An important observation: in order to make a non-deterministic data an objective and deterministic state we need the (global) consensus on the order. This observation is valid for any non-deterministic data sets. In order to avoid race conditions, you must reach an agreement on who is the first.

(Until there’s a consensus on the state of the Schrödinger’s cat among group of people, is it dead or alive, it would be unwise to base your judgment on any assumption)

State of the blockchain

The parallel atomic states are common in models of physics. However, parallel states are not that common in DLTs. For a reason.

On a blockchain the ledger state is always updated by a sequence of blocks, a deterministic data structure. The chain of blocks determines the “trajectory” of the ledger state. Each block contains deterministically placed requests (transactions) on it, so each node in the system perceives the state represented by the specific block exactly the same way. It is impossible to update the part of the block or of the whole blockchain state in parallel. It is either one block which mutates the state in its entirety or another (two blocks with the same set of transactions but differently ordered are two different blocks).

So, the entire blockchain represents one single atomic state, it cannot be split into parallel independent states, it must be updated as an atomic unit, at once. This is also called global state, because perceived the same way among all nodes. This also implies that the ledger, represented by the blockchain and it sub-states (accounts, smart contracts) is strictly deterministic. It is a shared state among all smart contacts on the blockchain. Concept of ‘smart contract’ and ‘account’ become almost synonyms on the blockchain due to its determinism.

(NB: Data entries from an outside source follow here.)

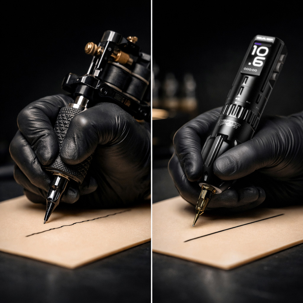 Sprzęt nie zrobi tatuażu za Ciebie. Ale może skrócić sesję o kilka procent, ustabilizować linię i ograniczyć zmęczenie przy dużych projektach.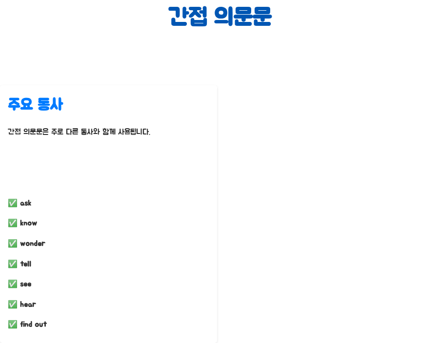 간접 의문문은 혼자 쓰이기보다는, 다른 동사와 함께 사용되는 경우가 많아요. 특히, 'ask, know, wonder, tell, see, hear, find out' 등의 동사와 자주 함께 쓰입니다.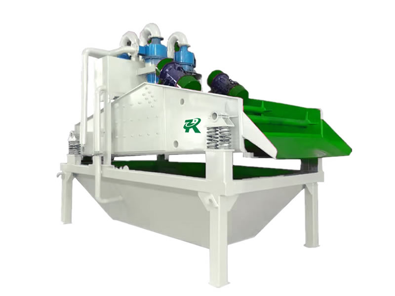 工作过程:泥浆水流入清洗槽,通过耐磨泵将泥浆水送入浓缩器,经过浓缩器把污水和砂分离,砂经喷头到脱水筛,脱水后送入输送带。污水回到反料箱,分流入清洗槽,多余部分外泄。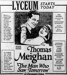 The Man Who Saw Tomorrow is a lost[1] 1922 American silent drama film directed by Alfred E. Green and written by Frank Condon, Will M. Ritchey, and Perley Poore Sheehan. The film stars Thomas Meighan, Theodore Roberts, Leatrice Joy, Alan Roscoe, Alec B. Francis, June Elvidge, and Eva Novak. The film was released on October 29, 1922, by Paramount Pictures.[2][3]

Note, that we didn’t even mention here what exactly kind of ledger is put into the state of the blockchain. It can be an account based ledger, like Ethereum, or it can be an UTXO ledger transactions in the block, like in Bitcoin, Cardano or Fuel. UTXOs being parallel does not make the blockchain account parallel, the whole UTXO ledger on the blockchain become one atomic global state anyway.

What’s good and bad in the global shared state?

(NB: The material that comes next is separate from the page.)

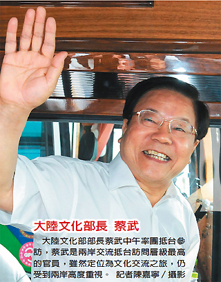 據悉,蔡武一行參加兩岸文化論壇活動后,將赴中南部參訪各項文化建設,預計8日結束訪問離臺。

The global shared state is awesome! The whole crypto industry is based on this concept. It makes many things simple. It is responsible for the synchronous (atomic) composability of smart contracts on Ethereum and other blockchains, so it enables, for example, Ethereum DeFi ecosystem, with ERC-xx token ledgers, DeX-es and other dApps. It also makes PoS and staking delegation simple, because every node then knows exactly how much skin-in-the-game this or that entity has. Global state makes distributed Oracles (e.g. Chainlink) a simple on-chain callable service for smart contracts. It also enables such things as collaterals, proof of reserves, liquidity pools and many others.

Global and objective state is a synchronous paradise shared by many players on the same blockchain. Nobody wants to be expelled.

However, there’s one problem: it is not scalable. The sequential updates of a global state of the blockchain is a blessing but also a curse of it. To search for a solution, one must leave the comfort zone to parallel ledger state architectures, the sharded ones or UTXO. As Albert Einstein once convinced us, there’s no such thing as an objective shared state in the physical world. So, if we want to build a model of real world phenomena in the form of the shared distributed ledger, the comforting assumption of the global objective state is not realistic.

Parallelism of the UTXO ledger

Things quickly become much less comfortable when we move from global state assumption to the world of many parallel states, for scalability or other reasons. For example, states of two blockchains, say Ethereum and Bitcoin are parallel, i.e. they are non-deterministic and non-objective with respect to each other. The Ethereum smart contract cannot directly affect state on Bitcoin, nor even query it (this is also known as the Oracle problem). When we want to transfer a value between the two, it is difficult to do that without a bridge, a system in between, which requires additional trust in it.

The UTXO ledger model, however, offers nice parallel properties combined with it’s determinism which may be exploited. Let’s dig deeper.

The ledger state of the UTXO ledger consists of outputs or UTXOs (Unspent TransaXtion Output), each with unique global identity on the ledger. The UTXO transaction Tx consumes specific outputs IN1, … INn and produces new outputs OUT1, … OUTm.

Each output represents an asset on the ledger. The output usually contains balances of fungible tokens on it (a ‘liquidity’) or any other properties which are subject to the ledger constraints (aka ledger invariant). The valid state transition is only possible when transaction satisfies the ledger constraints, such as total number of tokens or immutability of the NFT. More details on UTXO transaction model can be found here, here, here and here.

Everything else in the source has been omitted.